▸ **Exercise details**: Restate word for word the lines of the listing below, from its first line through the line with "坦克跑进房间,将洛欧塞布控制", without the pictures.

▸ **Data**:
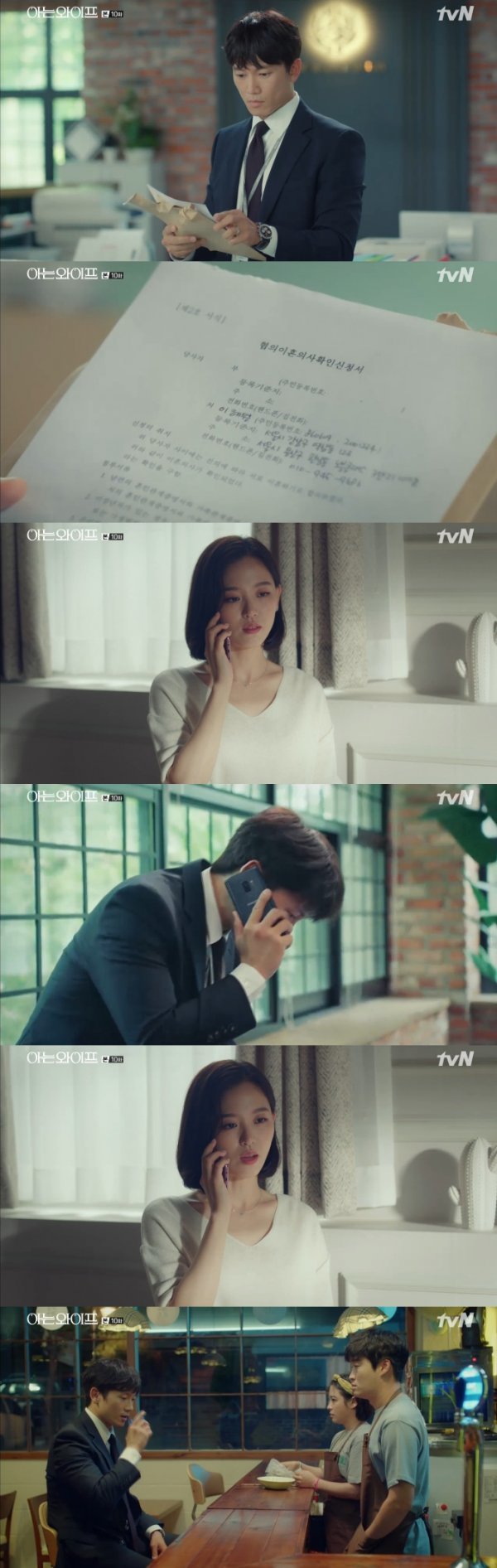 29일 방송된 tvN 수목드라마 ‘아는 와이프’(극본 양희승 연출 이상엽) 10회에서는 이혼서류를 전달받은 차주혁(지성)의 모습이 그려졌다.
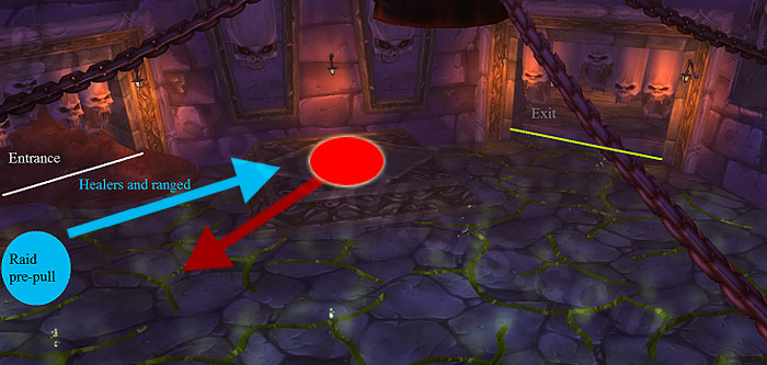 坦克跑进房间,将洛欧塞布控制在房间的中央,猎人也要误导以维持仇恨。按照下图所示站位。
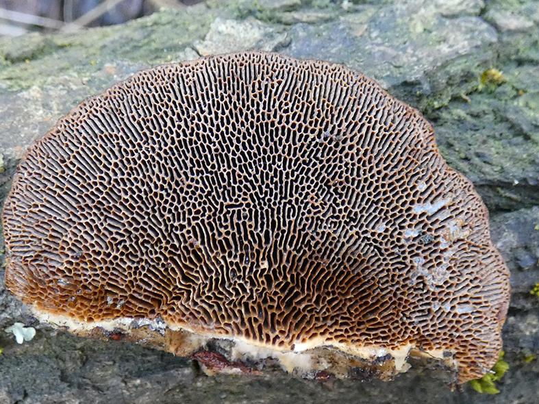 W tej okolicy biegnie bardzo wygodny trakt, który między innymi można przemierzać rowerem. Jeśli jednak nam się nie spieszy, możemy pochylić się nad tym czy owym. Teraz trafiły nam się huba oraz kilka porostów. Hubą jest gmatwica chropowata tworząca jednoroczne przyrośnięte bokiem do żywiciela owocniki. Zawsze na swoich żywicieli wybiera drzewa liściaste. Owocnik jest z wierzchu bardzo płaski ze słabo zaznaczonymi koncentrycznie pierścieniami. Spodem znajduje się labiryntowata warstwa rodzajna, czyli hymenofor. To ani rurki, ani blaszki tylko coś pośredniego. Z porostów trafiły się gatunki naziemne z rodzaju chrobotek o kieliszkowatych oraz rożkowatych podecjach. Na drzewach lokalną dominantą jest często spotykana w Jaworznie tarczownica bruzdkowana. Towarzyszył jej szarozielony obrost drobny oraz jaskrawożółty złotorost ścienny.
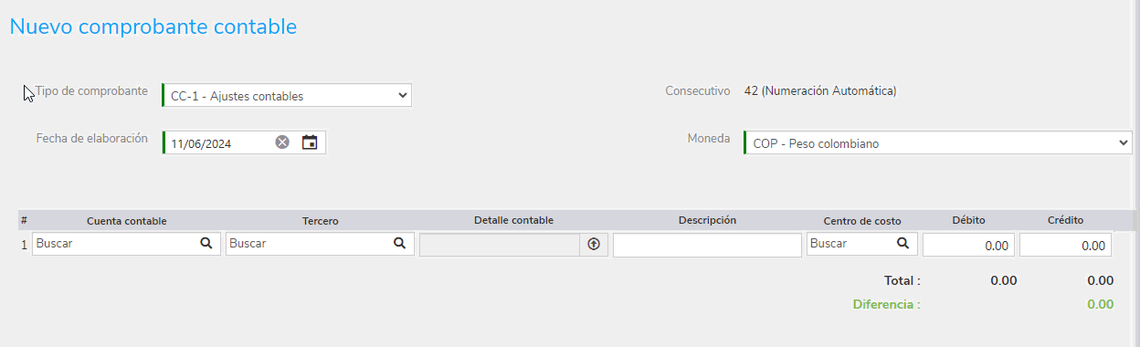 - Débito/Crédito: es necesario digitar el valor de la transacción en la correspondiente columna dependiendo del tipo de registro que se está incorporando.

▸ **Solution to the exercise**:
 29일 방송된 tvN 수목드라마 ‘아는 와이프’(극본 양희승 연출 이상엽) 10회에서는 이혼서류를 전달받은 차주혁(지성)의 모습이 그려졌다.
 坦克跑进房间,将洛欧塞布控制在房间的中央,猎人也要误导以维持仇恨。按照下图所示站位。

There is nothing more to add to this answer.